How To Build A PC: From Component Selection To Installation

Step 6: Select Storage

Choosing internal mass storage once meant deciding between the performance of a solid-state drive (SSD), the capacity of a mechanical hard drive (HDD), or the greater expense of both. But as with system memory, advancements in manufacturing and maturing technology put medium-capacity SSDs within reach for most enthusiasts. We're even seeing 256 GB drives under $100. That SSD might not make processing-bound workloads run faster, but they'll certainly launch quicker, access the data they need more expediently, and respond in a way you simply won't experience with a hard drive.

Of course, you'd still need a handful of high-capacity SSDs if you were planning on storing your photo, movie, and game collections on solid-state storage. Fortunately, adding the expense of a 1 TB disk for under $60 makes the combination of just-right SSD and big hard drive more palatable.

The flash-based capacity you'll want depends on what you do with your PC. A Windows installation rarely exceeds 32 GB without additional programs installed, even after many months of collecting temp files, cookies, and other "temporary" trash. Popularly-used apps like the Office suite and Adobe's Creative Cloud software can easily consume many times that much space, and games regularly eat up more than 10 GB each all on their own. Most of us could squeeze Windows and essential programs into a 128 GB SSD without much effort, but 256 GB drives are the sweet spot if you're adding a few games, too.

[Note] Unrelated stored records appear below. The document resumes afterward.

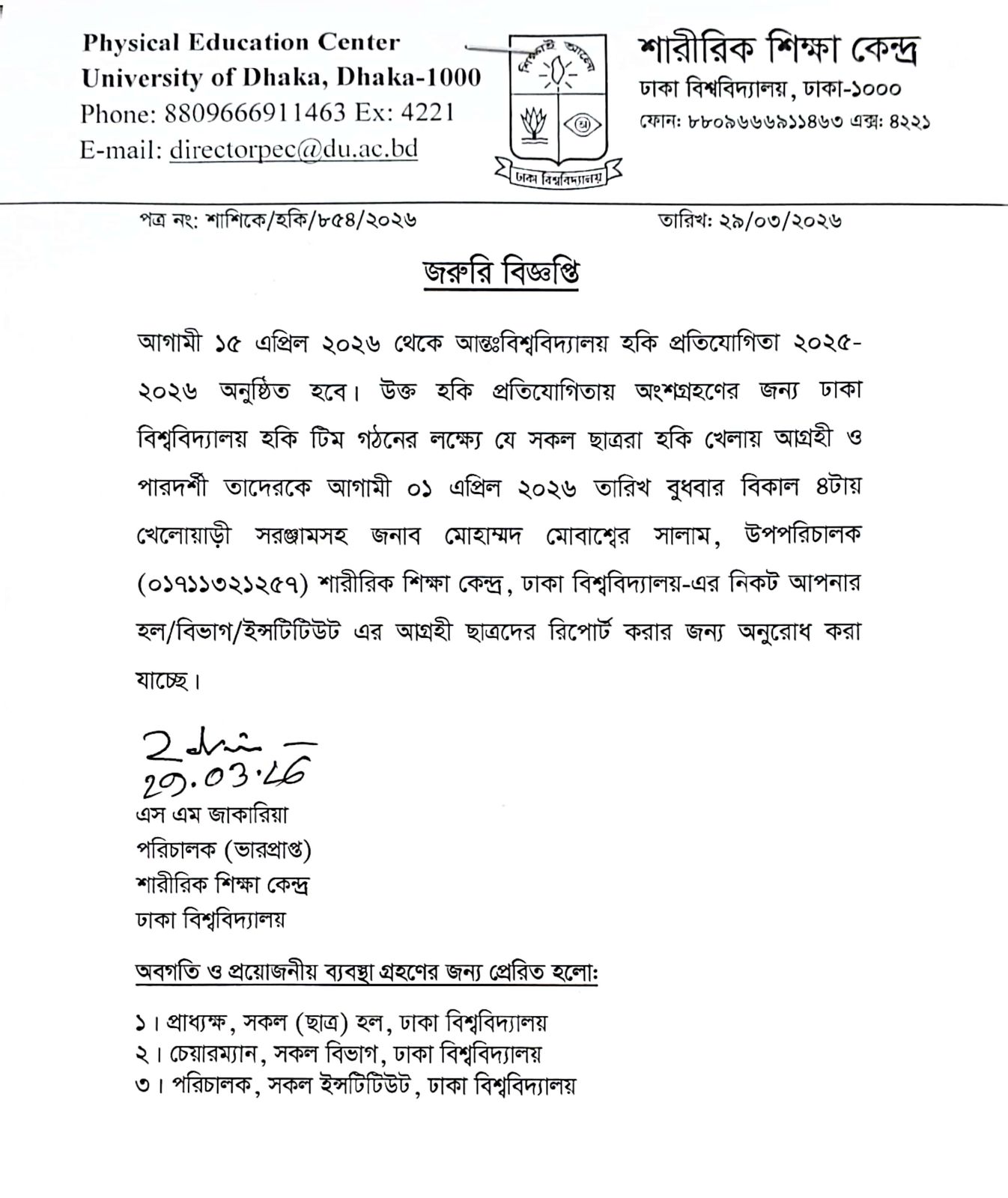 বিজ্ঞপ্তি: আন্তঃবিশ্ববিদ্যালয় হকি প্রতিযোগিতা ২০২৫-২০২৬
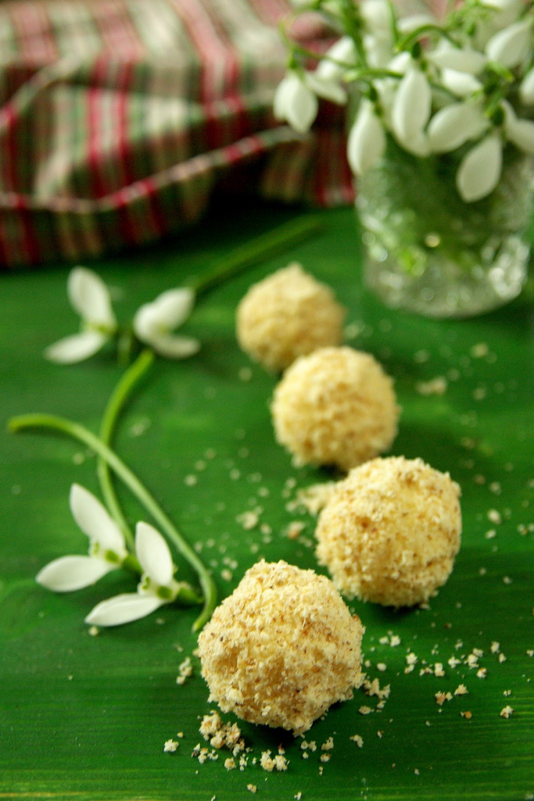 A vízből és a nyírfacukorból szirupot főzünk, és langyosra kihűtjük. Ehhez hozzákeverjük a kókusztejport, a kókuszolajat, és 15 dkg kókuszreszeléket. Ne ijedjünk meg, a massza nagyon puha lesz, hiszen a kókuszolaj a meleg hatására folyós lesz. Az elkészült masszát tegyük hűtőbe, amíg a kókuszolaj megdermed, majd vizes kézzel kis golyókat formázzunk, úgy, hogy mandulát tegyünk a közepébe és a ledarált (héjas) mandulareszelékbe forgassuk meg. Lehűtve tálaljuk.
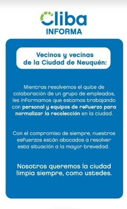 Ante el silencio de la municipalidad de Neuquén, la empresa Cliba publicó un comunicado en sus redes sociales dirigido a los vecinos de la ciudad de Neuquén.
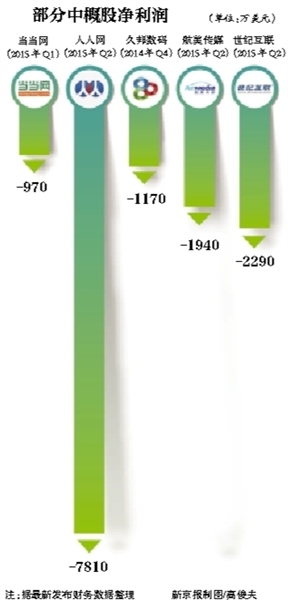 人人网在2015年第二季度的净亏损为7810万美元,第一季度净亏损2760万美元,上半年共亏了1亿美元;久邦数码由去年第四季度开始同比转亏,亏损1170万美元;学大教育2014年第四季度净亏1670万美元,在今年第一季度仅获得区区90万美元的净利润。
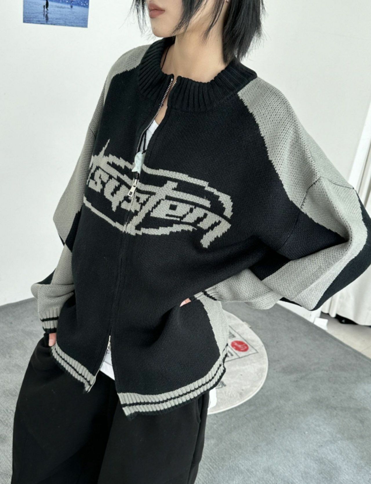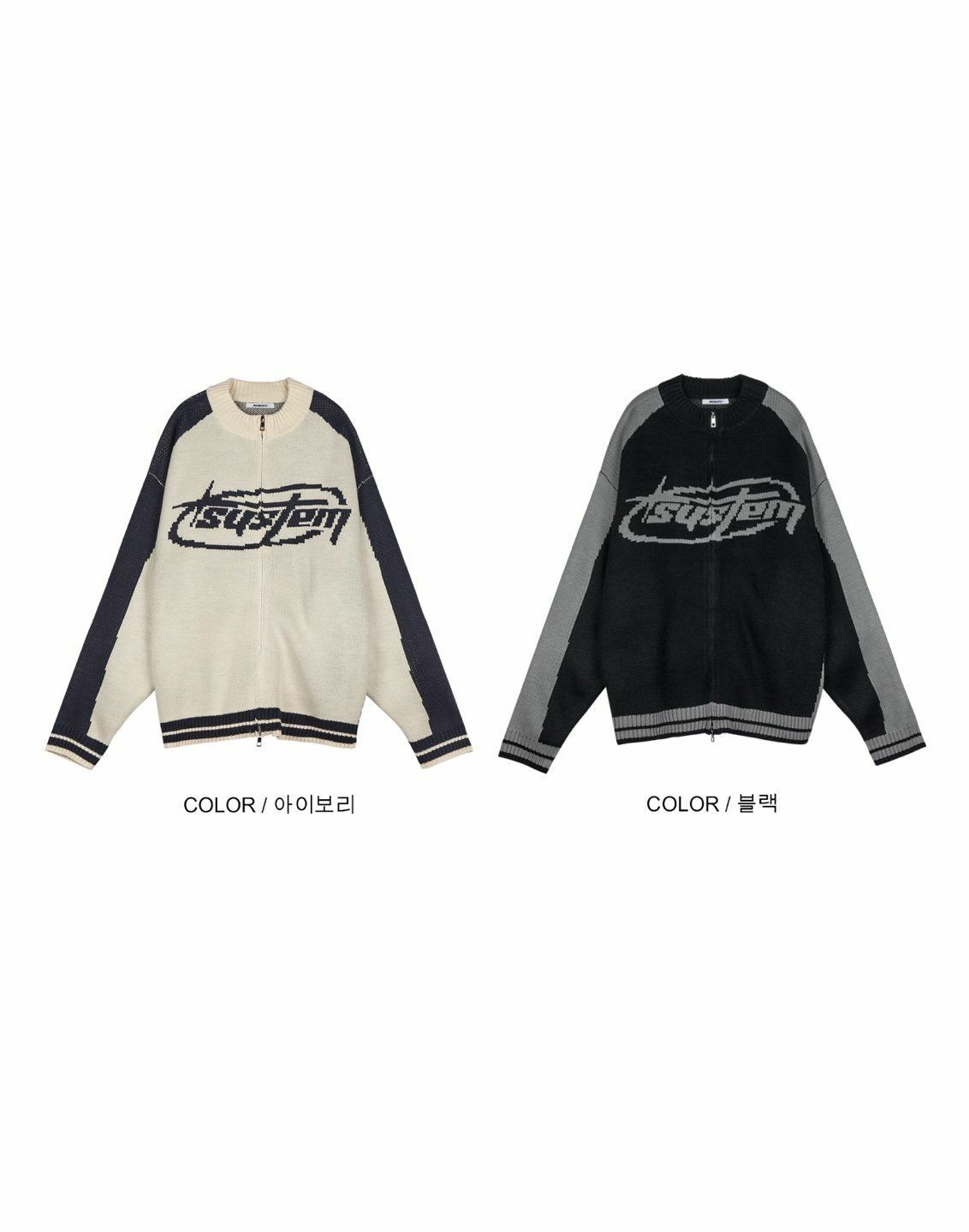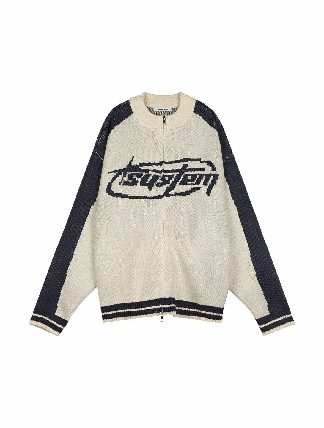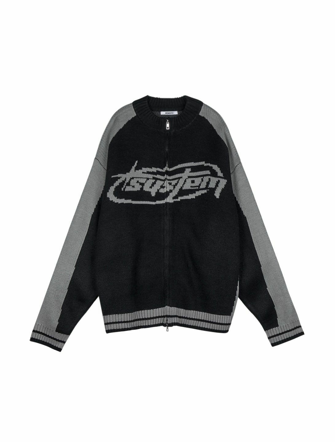 英文字拉鍊針織外套 MEMENTO-027JK
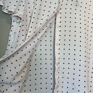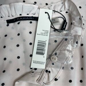 T Tahari Light Blush Spaced Dot Short Sleeve Blouse Size S NWT Ruffle Polka Dot
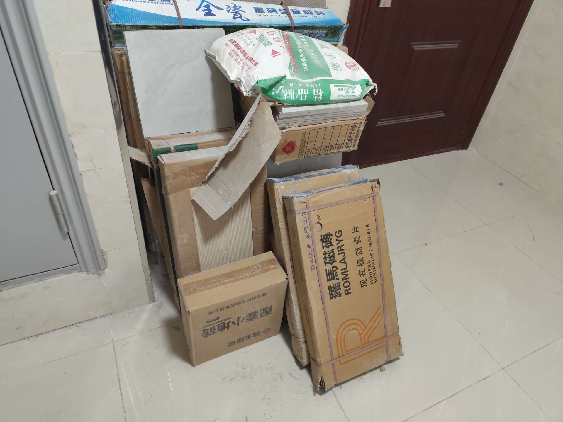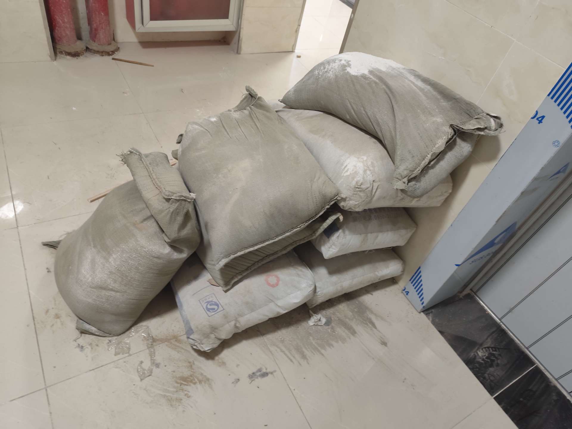 水泥、沙子15一袋,地砖大的时候10快,小的5块
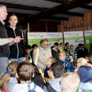 Bild 2: Umgeben von großen und kleinen Besuchern der Wildniswerkstatt eröffnet Dr. Michael Röös, Leiter der Nationalparkverwaltung Eifel, den Tag der offenen Tür anlässlich des Jubiläums. Genau 10 Jahre ist es her, dass die Umweltbildungseinrichtung in Heimbach-Düttling ihre Pforten öffnete. (Foto: Nationalparkverwaltung Eifel/A. Simantke)

Mechanical storage becomes critical once you start piling on years of pictures, music, and movies. DVD and Blu-ray disc images consume up to 8.4 and 50 GB, respectively. If you love to archive video, your capacity needs will expand very fast this way. Game install packages can be even larger than the games themselves, and those of us with less-than-perfect Internet access are reluctant to delete source data, even when installation finishes.

Although SATA is the most popular desktop storage interface, other drive form factors are becoming more popular. Among them, mSATA is both widely available and mature. Designed to install onto a motherboard, these have become so common that some companies produce adapters to install mSATA drives into 2.5” bays using standard SATA data and power cables.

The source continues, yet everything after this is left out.